Would you please repeat exactly the entries below, starting at the line with "Ce bracelet en" and ending at the line with "話は変わって、今日、連合町内", and nothing outside that range? Leave out the pictures.

START EXERCISE DATA

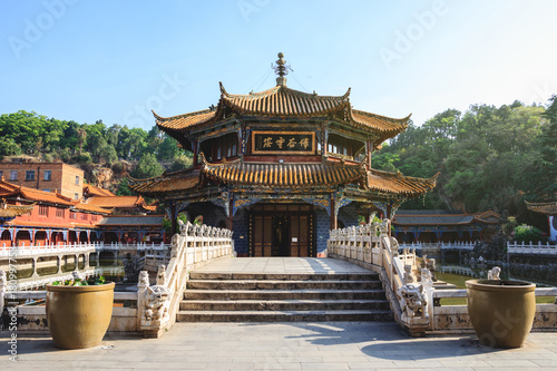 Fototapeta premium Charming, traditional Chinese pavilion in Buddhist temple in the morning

END EXERCISE DATA
START EXERCISE DATA

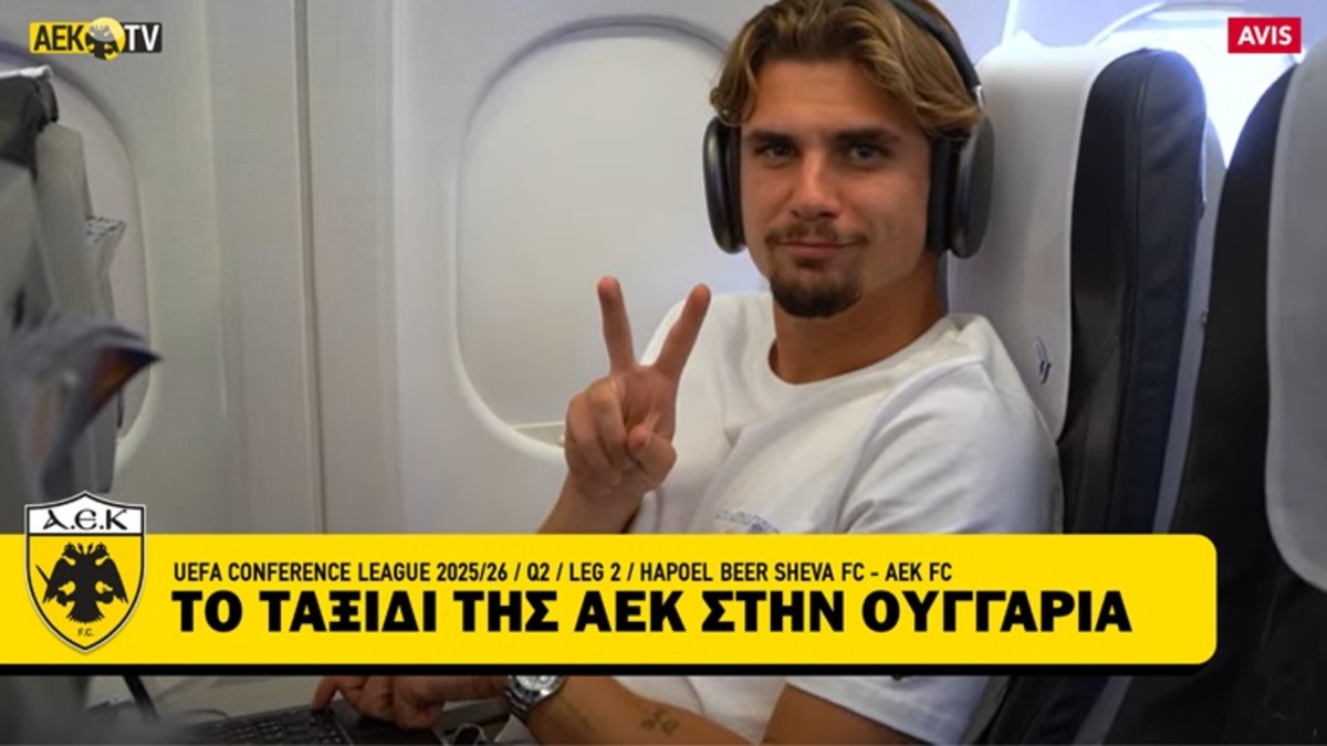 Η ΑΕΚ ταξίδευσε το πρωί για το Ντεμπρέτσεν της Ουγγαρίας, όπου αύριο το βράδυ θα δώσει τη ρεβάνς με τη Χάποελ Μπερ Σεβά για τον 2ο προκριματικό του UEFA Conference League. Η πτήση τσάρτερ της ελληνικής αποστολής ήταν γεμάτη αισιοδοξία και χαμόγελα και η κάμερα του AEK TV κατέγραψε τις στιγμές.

END EXERCISE DATA
START EXERCISE DATA

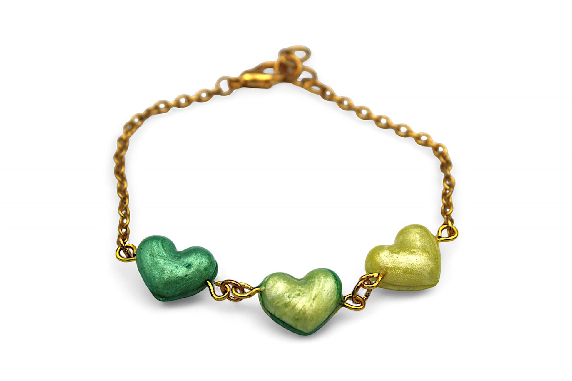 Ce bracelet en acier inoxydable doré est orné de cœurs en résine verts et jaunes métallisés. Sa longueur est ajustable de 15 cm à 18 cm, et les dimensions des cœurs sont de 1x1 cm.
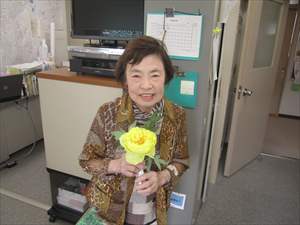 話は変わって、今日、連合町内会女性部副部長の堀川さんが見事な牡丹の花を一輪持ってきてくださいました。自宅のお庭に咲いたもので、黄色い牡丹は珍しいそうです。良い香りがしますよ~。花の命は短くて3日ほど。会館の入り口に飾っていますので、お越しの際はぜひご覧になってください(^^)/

END EXERCISE DATA

• [SOLUTION FOR THIS PROBLEM]:
 Ce bracelet en acier inoxydable doré est orné de cœurs en résine verts et jaunes métallisés. Sa longueur est ajustable de 15 cm à 18 cm, et les dimensions des cœurs sont de 1x1 cm.
 話は変わって、今日、連合町内会女性部副部長の堀川さんが見事な牡丹の花を一輪持ってきてくださいました。自宅のお庭に咲いたもので、黄色い牡丹は珍しいそうです。良い香りがしますよ~。花の命は短くて3日ほど。会館の入り口に飾っていますので、お越しの際はぜひご覧になってください(^^)/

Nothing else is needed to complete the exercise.